A letter to Sydney Law students
Getting arrested is certainly one way for someone like me to get people’s attention, ‘someone like me’ being a white, middle class, male law professor; we don’t get arrested, at least not in public. People who get arrested in public are usually the ‘other’; not white, not middle class, not professional. To the extent it is noticed at all, the arrest of people of that profile is often accepted as the way that things are .
Obviously (I hope), I didn’t get arrested to get attention, or deliberately at all. I was observing the protest, and saw police conducting themselves in a way that, as a citizen and a lawyer, I could not let go unchallenged. When I saw police assaulting peaceful protesters and taking their property, I asked them ‘why?’. That was enough to become a victim of assault myself.
Colleagues observed wryly that I was taking ‘engagement’ in my teaching and research to excessive lengths, but my arrest was in fact a teaching moment in many ways. The circumstances raise immediate issues of law enforcement and police accountability. And then – for questioning, analytical, critical minds such as those you have developed during your law degree studies – other issues follow: the exercise of power, the role of administrative law, and freedoms of speech and movement, for example.
You have refined the art of issue identification over the past few years, so you may have spotted another issue in what I said above; what little you retain from studying my course The Legal Profession may have been stirred by my saying that I challenged the police because I am a lawyer.
I can’t say my being a lawyer was a conscious, let alone considered, reason for my acting as I did. Rather, I think that my instinctive response to what I saw happening came in large part from an ingrained sense of having a duty to the administration of justice (ring any bells?). We can – and next time I teach The Legal Profession we will – discuss what the scope of that ‘administration of justice’ duty is, but my experience suggests that it can encompass a duty to restrain the states’ excessive and inappropriate use of force.
There are ways and ways of a lawyer’s acting to restrain abuse of power (public and private); you don’t have to seek out and confront police misconduct.

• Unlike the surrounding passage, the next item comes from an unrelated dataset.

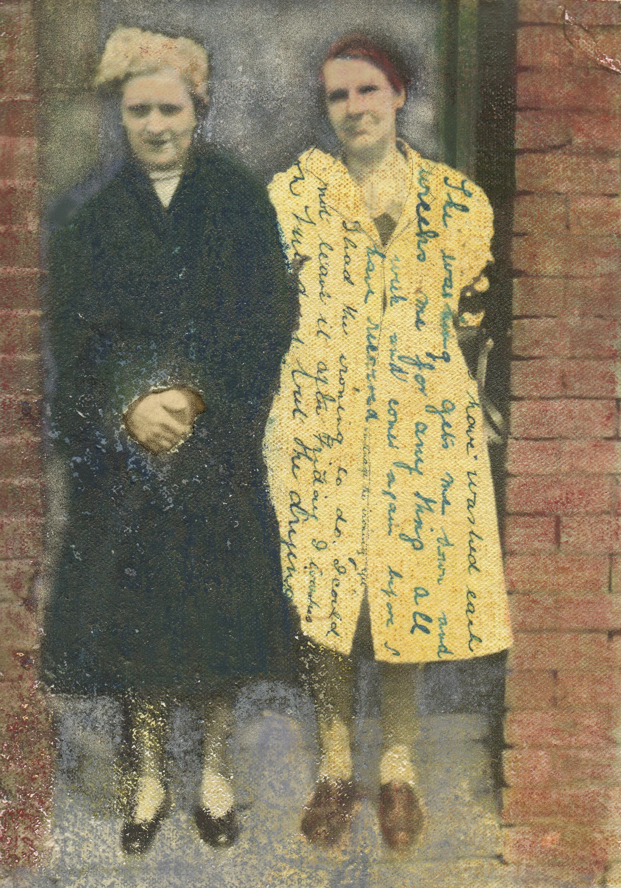 In this digital collage, I’ve given voice to Ada’s poignant words in creating the fabric of the overall that one of the women is wearing.

In a more lawyerly way, you will be getting out your admin law notes and wishing you had paid more attention in classes on merits review and judicial review, and going through your civil procedure and equity notes to remind yourself of remedies such as prerogative relief and estoppel. You may even be living the mooter’s dream, on your feet in an appellate court arguing for constitutional limits on the exercise of state power.

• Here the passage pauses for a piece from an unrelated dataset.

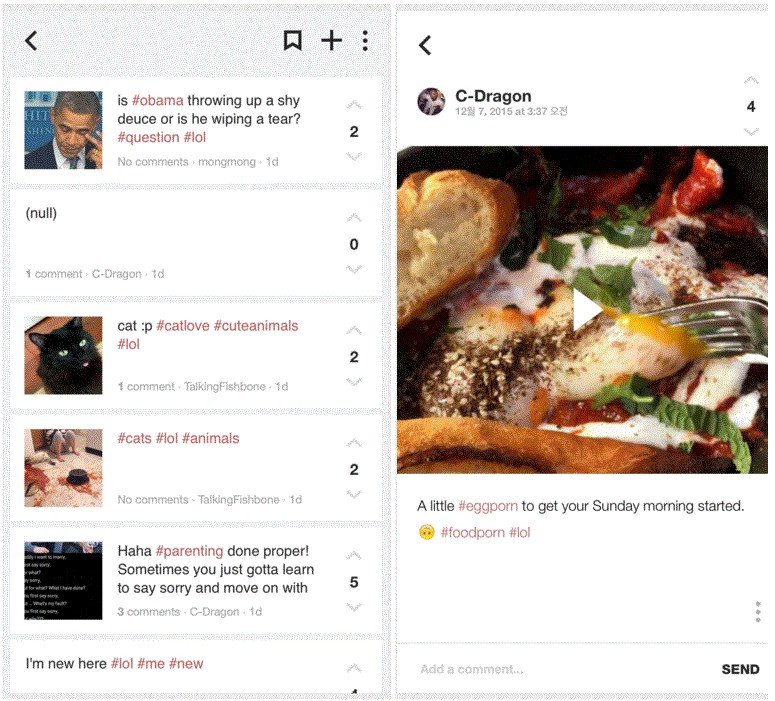 블로그 포스팅을 쓰듯 타이틀을 지정하고 2~3가지 해시태그를 지정하면 해당 해시태그별로 자동으로 분류되어 컨텐츠가 등록이 됩니다. 사진, 글, 영상 등을 입맛에 맞게 올리고 편집한 다음 업데이트를 하기만 하면 됩니다. 사용자들이 많지 않아서 아직은 한적하여 해시태그 목록을 쉽게 열람할 수 있지만 사용자들이 많아지고 해시태그가 다양해지면 이것들을 어떻게 활용하여 분류하고 노출시킬 것인지는 숙제로 남아 있는 것 같습니다. 서비스는 현재 미국 지역에서만 제공되고 있어 구글 플레이, 애플 앱스토어의 미국 스토어를 방문하셔야 앱을 설치하실 수 있습니다.

As a teaching moment, the arrest can take inquiring minds other directions. One is law reform. We can ask, for example, when and why did the NSW police get pre-emptive arrest powers? When and why did the Ombudsman’s Office lose jurisdiction over police complaints? And, looking ahead, we can ask whether and how new reforms could roll back those earlier reforms.
Another direction for inquiring minds to take is access to justice. For these purposes, let’s say that ‘justice’ comprises a remedy for assault and wrongful arrest, and a disciplinary response to police misconduct. How accessible is justice of that sort? Answer: not very. On a range of considerations, I am a very well resourced plaintiff/complainant. If there is a remedy to be had and an accountability mechanism to be engaged, then I should be able to do it. But I was actually challenged to work out what the pathways to justice are, even with the invaluable help of Redfern Legal Centre and volunteering criminal law barristers. I was further challenged by the time, stress, and financial risk that I faced in pursuing justice.
Despite my well-resourced status, getting access to justice is beyond me. But at least I had the capacity (and help) to work that out. Other protesters who were assaulted and arrested can’t necessarily get even that far, and that is probably true too for many young people, homeless people, Indigenous people, migrants, and people with a disability, who more frequently have negative interactions with police.
Issues such as these – restraining abuses of power, pursuing law reform, ensuring access to justice – matter to many people, lawyers or not. But I think they matter in particular to lawyers, even to the extent that a lawyer has a duty to address them. This arises for those of you who will take your law degree into practice, but it is also a special awareness that all of you have, simply for having studied law.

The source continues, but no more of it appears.